I'm writing on Monday about events that took place on Saturday, two days ago, but it feels like two weeks ago! It was a very full weekend.
So...when we left our intrepid reporters they had been shut out of the Princess and the Frog presentation on Saturday afternoon.
DebK and I chatted with Jeanine for a while and then I headed down to the exhibit hall to get in line for "The Making of the U.S. Presidents" session. I can't remember if I mentioned this before, but demand for sessions in the Storytellers Theater (the smallest venue) was so high that they had moved the queue downstairs to an unused part of the exhibit floor. Of course that meant they had to ferry us all upstairs and into the theater, but they really did a good job of getting us in there and still getting the presentations started about on time. Especially considering it was a process they developed on the fly after seeing what the lines were like on Friday and Saturday morning.
I met DebW in line and while we were waiting we had a wonderful chat with Wayne and Jennifer who had come all the way from Australia to attend the D23 Expo!
The session started off appropriately enough as "Hail to the Chief" started playing. First on stage were Eric Jacobson, Pam Fisher, and Kathy Rogers, who talked about the process of updating the Hall of Presidents attraction at the Magic Kingdom with the new President Obama figure. In addition to adding the new president they changed some other parts of the attraction as well.
The focus of the Hall of Presidents has never been about political parties or politics - in the past it's been more about the history of the United States, and now there's more of an emphasis on the bond between the President and the people, and what the Oath of Office means. They consulted Presidential historian Doris Kearns Goodwin in putting together the updated attraction, and added another speaking figure: George Washington, who offers the oath of office to President Obama. Actor Morgan Freeman narrates the current version.
The creative team traveled to Washington D.C. to meet President Obama and to record his speech for the attraction. Apparently he really didn't know what an "audio-animatronic" was, but thought it was cool when they told him he was going to be a robot. :-)

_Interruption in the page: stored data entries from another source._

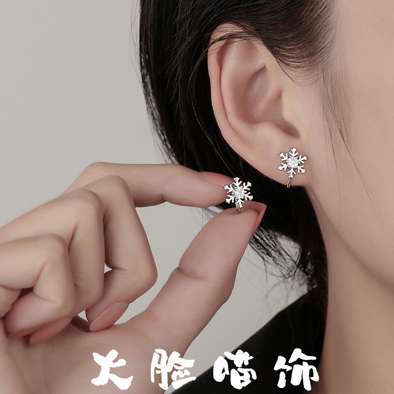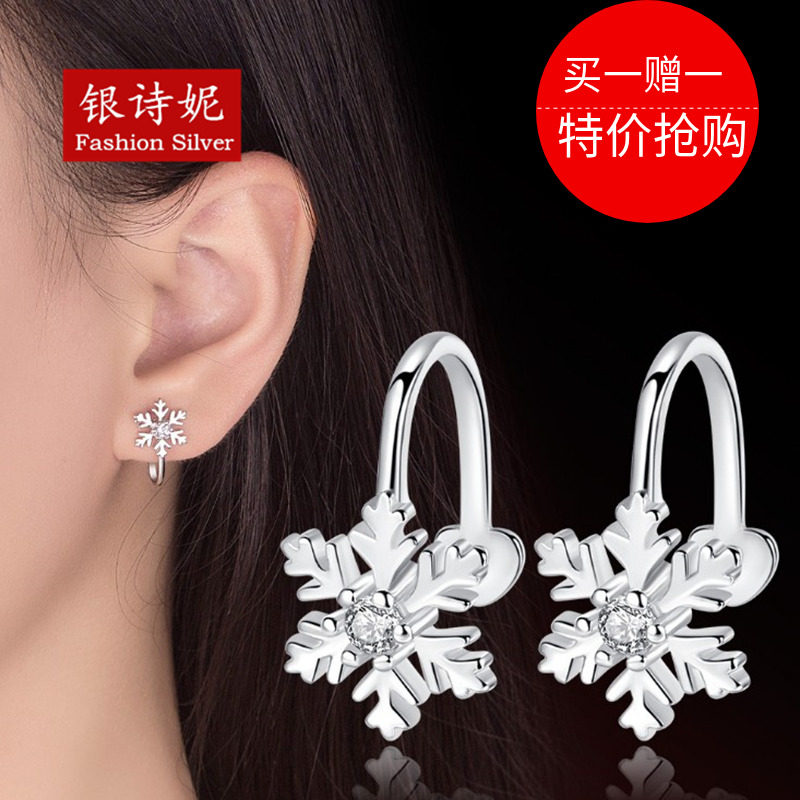 s925银针雪花耳夹无耳洞女韩国简约小清新学生耳骨夹百搭网红耳饰
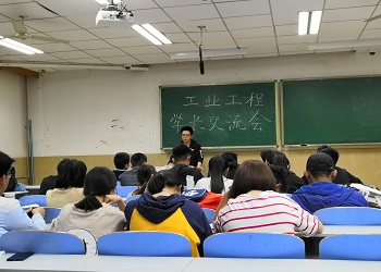 交流会伊始,专业老师对近年来工业工程专业面临的严峻形势、学业情况和发展前景做了简要概述。随后学长开始介绍考研与保研的经验,将自己在大学四年的学习生活经历与大家分享,并提出了选择学校的重要性,比如避开竞争激烈的院校,选择适合自己成绩的学校等。其中,学长格外强调了英语和数学学习在考研中的重要性以及面对考研失利后的考研调剂和非本专业的跨专业考研的相应对策。除此以外,对于考取本校研究生的情况,也有学长对此介绍。介绍完研究生方面后,选择就业的学长们也分享了就业有关的公众号,为找工作给出了自己的建议,分享了自己找工作的经验。最后参加国家公务员考试的学长分享了公考的情况和经验,为同学们带来了精彩的国家级别考试的介绍。
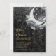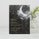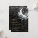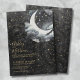 Under Stjärnorna Halvmåne Celestial Bröllopsinbjudan. Fira en kväll under stjärnorna med detta mörka himmelska bröllopstema. En elegant men lekfull look med en svart akvarell midnatthimmel, stjärnor och måne omgiven av en molnig himmel. Svart, vit, guld och grå färg överlag. En elegant blandning av script typografi och ett serif-teckensnitt i en guld färg (inte riktigt guld). Du kommer att ha en mystisk kväll under denna halvmåne himmel.
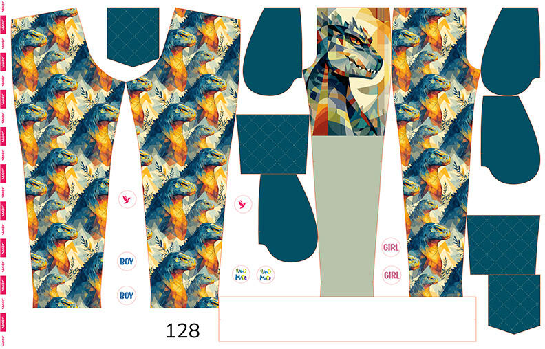 Egy egyedi termékcsalád, melyet az általunk gyártott előre kinyomtatott nadrág szabásminta panelek alkotnak, megtalálható webshopunkban. Egy téli softshellből készült panel, amelyre egy vadonatúj, újratervezett és tökéletesített Adam/Eva szabásmintát nyomtattunk ki a gyereknadrágok megvarrására. A softshell nadrág eredeti szabását kissé leszűkítettük és átalakítottuk, hogy tökéletesen illeszkedjen, kérjük ezért, ellenőrizd a mérettáblázatot. A szabásmintához meg kell vásárolni a gumit és a passzét a derékrészhez. A passzé szabásmintája a kinyomtatott panelen található meg, az szerint kell kivágni majd a passzét. Nem kell többé azon aggódnod, hogy újra és újra meg kell rajzolnod a szabásmintát, mivel elég csak kivágnod és összevarrnod a paneleket! Paneleink nemcsak a kezdőknek kínálnak megoldást, akiknek nincs elég tapasztalatuk a szabásban, hanem a gyakorlott varrónőknek is, akik időt szeretnének spórolni azzal, hogy nem kell újra rajzolniuk a szabásmintát. A Softshell egy praktikus, légáteresztő és vízálló anyag. A Softshell három rétegből áll: termoaktív anyagból, puha fleece szigetelő rétegből, külső vízálló membránból. Az anyagot leggyakrabban a felsőruházat készítéséhez használják, az anyag ellenáll az időjárásnak, a szélnek, az esőnek ... Ezt a típusú anyagot a saját nyomtatóinkban nyomtatjuk a Takoy központjában. A mintát tervezőink a Takoyban hozzák létre, ez nem másolható és nem rajzolható újra. Az újrarajzolt szabásmintát nem lehet felhasználni más termékek varrására, illetve a szabásminta elektronikus vagy nyomtatott formában történő továbbértékesítésére sem.

After they met with Obama they got a private tour of the White House, or as they called it, "Imagineers Gone Wild". They lounged on the sofas, bowled in the bowling alley, and had a great time - apparently the Secret Service agent escorting them said it was the most fun tour he'd been on in a long time!
Imagineers Tony Baxter and Josh Shipley discussed the Great Moments with Mr. Lincoln attraction, which should reopen at Disneyland in December. They went back to actor Royal Dano's original voice recording of the Gettysburg address and found a recording of Paul Frees that they used with it, as you can hear in this clip. (Sorry about the big head in the middle of the screen at the end - I was cursed the last couple of days of the Expo and always seemed to get stuck behind some tall guy with a big head.)
The Civil War piece "Two Brothers" will be returning - it's been redone in HD.
For the finale, they looked at a lot of pieces of music, but finally settled on the original Battle Hymn of the Republic. They said that it will be "magically stereo".
After the show "ends" and they open the exit doors, they said that there will still be music going on if people want to stick around - it sounds like this is where they will do the video montage to the music of Golden Dreams (same music as the American Adventure at Epcot).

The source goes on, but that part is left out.